Berke responded that same day with the first solid offer to pay the disputed amount in full. Under that proposal, payments would have been made over the next five years.
But the money came with strings attached, including: Hamilton County would start paying its stormwater fees and the new revenue from the city would benefit "the schools the City's children attend," possibly excluding schools in the outlying parts of the county.
Berke outlined in his letter on Friday that he hoped school officials would accept this offer, otherwise: "We are merely going to spend a significant amount of time at taxpayer expense to resolve this issue."
Smith's counter on Monday went further, suggesting the city owes at least an additional $3.5 million and asking that the city:
• Start paying back the $11.7 million in five annual payments of $2.34 million, beginning July 1.
• Forgive $1.7 million in stormwater fees accrued by the Board of Education.
• Transfer the title of Poss Homes to the school board.
• Forgive any debt and release any lien on the North River YMCA swimming pool.
School officials have long wanted the former Poss site to build a much-needed replacement for Howard School's dilapidated football and track stadium.
"My proposal would do more than merely clear the City's debt, which I presume to be your intention," Smith wrote to Berke on Monday. "By transferring the properties in question, neither of which is of use to the City, the City would be enabling the Board to better the communities in which they are located."

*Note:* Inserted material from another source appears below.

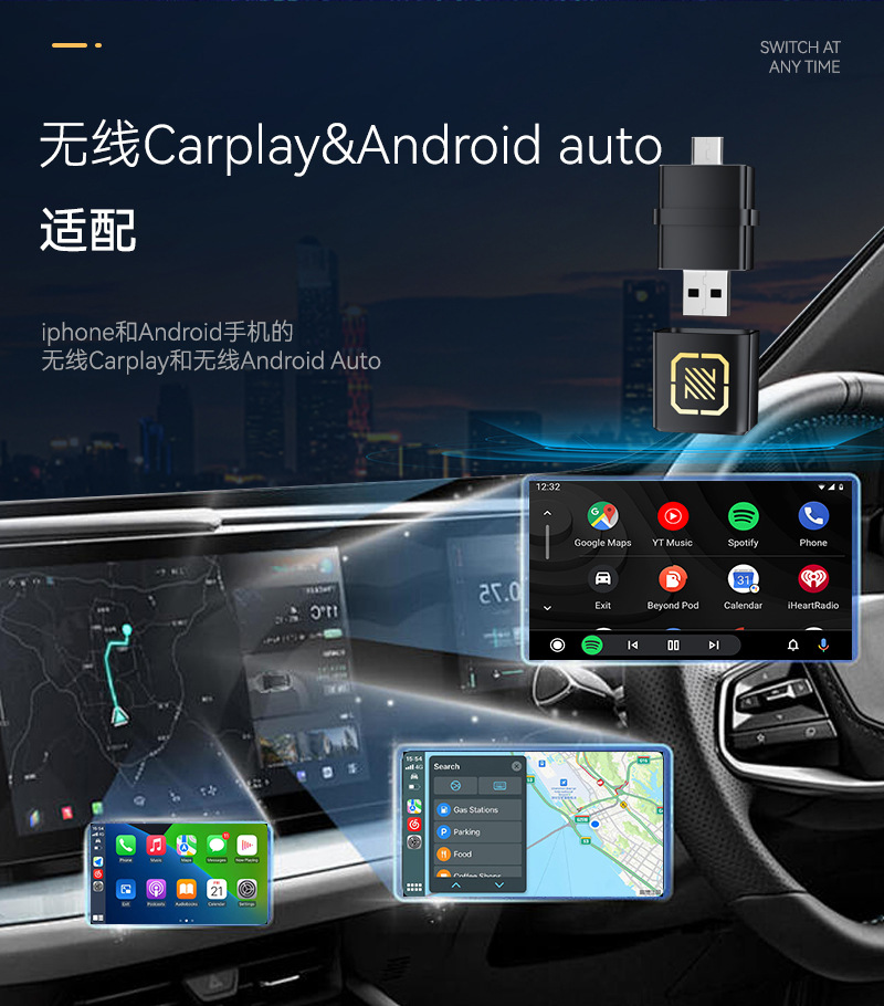 Q1T двухразъемный беспроводной Carplay плюс Android Auto 2-в-1 подходит только для зарубежных систем

Chattanooga isn't alone in its dispute with the school system, as cities across the state grapple with the prospect of owing millions that mistakenly went unpaid for years.
When Berke took office in April 2013, he had sought to satisfy the debt with cash and the transfer of Poss Homes, though the total amount of that deal wasn't near the $11.7 million school leaders said was owed.
No deal was officially reached, and school board members were bolstered by a February opinion from the Tennessee attorney general that said school boards can't waive any past-due liquor taxes.
School officials said last week's suit was a last resort to overcome a stalemate because they said talks with the city were getting nowhere. And they worried that a bill circulating in Nashville in recent days could threaten the schools' claim to the cash owed.